Pseudomonas aeruginosa amprは、AMPCおよびPoxBベータラクタマーゼ、プロテアーゼ、定足数センシング、およびその他の病原性因子の発現を調節するグローバルな転写因子です。

腸内菌科のメンバーでは、ベータラクタマーゼをコードするAMPCは、上流の分岐した転写された遺伝子AMPRによって調節されています。ただし、緑膿菌では、AMPCの調節は理解されていません。この研究では、緑膿菌AMPR変異体PaoAmprの特性と同一性AMPR+親の特性を比較しました。AMPR変異により、AMPC産生が大幅に変化しました。抗生物質がない場合、PaoAmprは基底ベータラクタマーゼレベルの増加を発現しました。ただし、この増加に続いて、P（AMPC）プロモーター活性の付随的な増加はありませんでした。タンパク質と転写分析の矛盾により、別の染色体AMPR調節ベータラクタマーゼPOXBの存在を発見するようになりました。緑膿菌AMPRの発現は、大腸菌のAMPCおよびPOXBからのベータラクタマーゼ産生を大幅に変化させることがわかりました。さらに、PaoAmprの構成的P（AMPR）プロモーター活性は、AMPRが誘導者の非存在下または存在下で自己調節しないことを示しました。さらに、AMPR変異を運ぶ株が野生型株よりも高いレベルのピオシアニンとLASAプロテアーゼとLASBエラスターゼのより低いレベルを生成したため、AMPRがグローバルレギュレーターであることを実証しました。LASAレベルの増加は、P（LASA）、P（LASI）、およびP（LASR）発現と正の相関がありました。LASB活性の減少は、P（RHLR）発現と正の相関がありました。したがって、AMPRは二重の役割を果たし、AMPC、LASB、およびRHLR発現レベルを積極的に調節し、POXB、LASA、LASI、およびLASR発現レベルを負に調節します。

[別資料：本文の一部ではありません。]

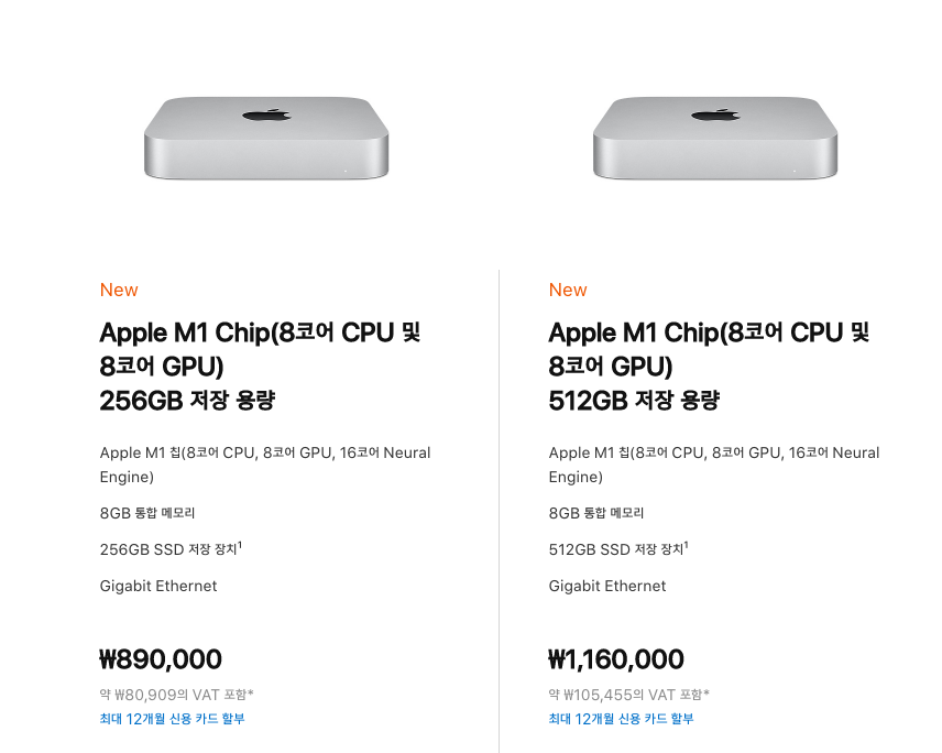 맥 미니 : 애플 M1, 8GB 메모리, 256GB SSD 탑재하고 89만원부터

In members of the family Enterobacteriaceae, ampC, which encodes a beta-lactamase, is regulated by an upstream, divergently transcribed gene, ampR. However, in Pseudomonas aeruginosa, the regulation of ampC is not understood. In this study, we compared the characteristics of a P. aeruginosa ampR mutant, PAOampR, with that of an isogenic ampR+ parent. The ampR mutation greatly altered AmpC production. In the absence of antibiotic, PAOampR expressed increased basal beta-lactamase levels. However, this increase was not followed by a concomitant increase in the P(ampC) promoter activity. The discrepancy in protein and transcription analyses led us to discover the presence of another chromosomal AmpR-regulated beta-lactamase, PoxB. We found that the expression of P. aeruginosa ampR greatly altered the beta-lactamase production from ampC and poxB in Escherichia coli: it up-regulated AmpC but down-regulated PoxB activities. In addition, the constitutive P(ampR) promoter activity in PAOampR indicated that AmpR did not autoregulate in the absence or presence of inducers. We further demonstrated that AmpR is a global regulator because the strain carrying the ampR mutation produced higher levels of pyocyanin and LasA protease and lower levels of LasB elastase than the wild-type strain. The increase in LasA levels was positively correlated with the P(lasA), P(lasI), and P(lasR) expression. The reduction in the LasB activity was positively correlated with the P(rhlR) expression. Thus, AmpR plays a dual role, positively regulating the ampC, lasB, and rhlR expression levels and negatively regulating the poxB, lasA, lasI, and lasR expression levels.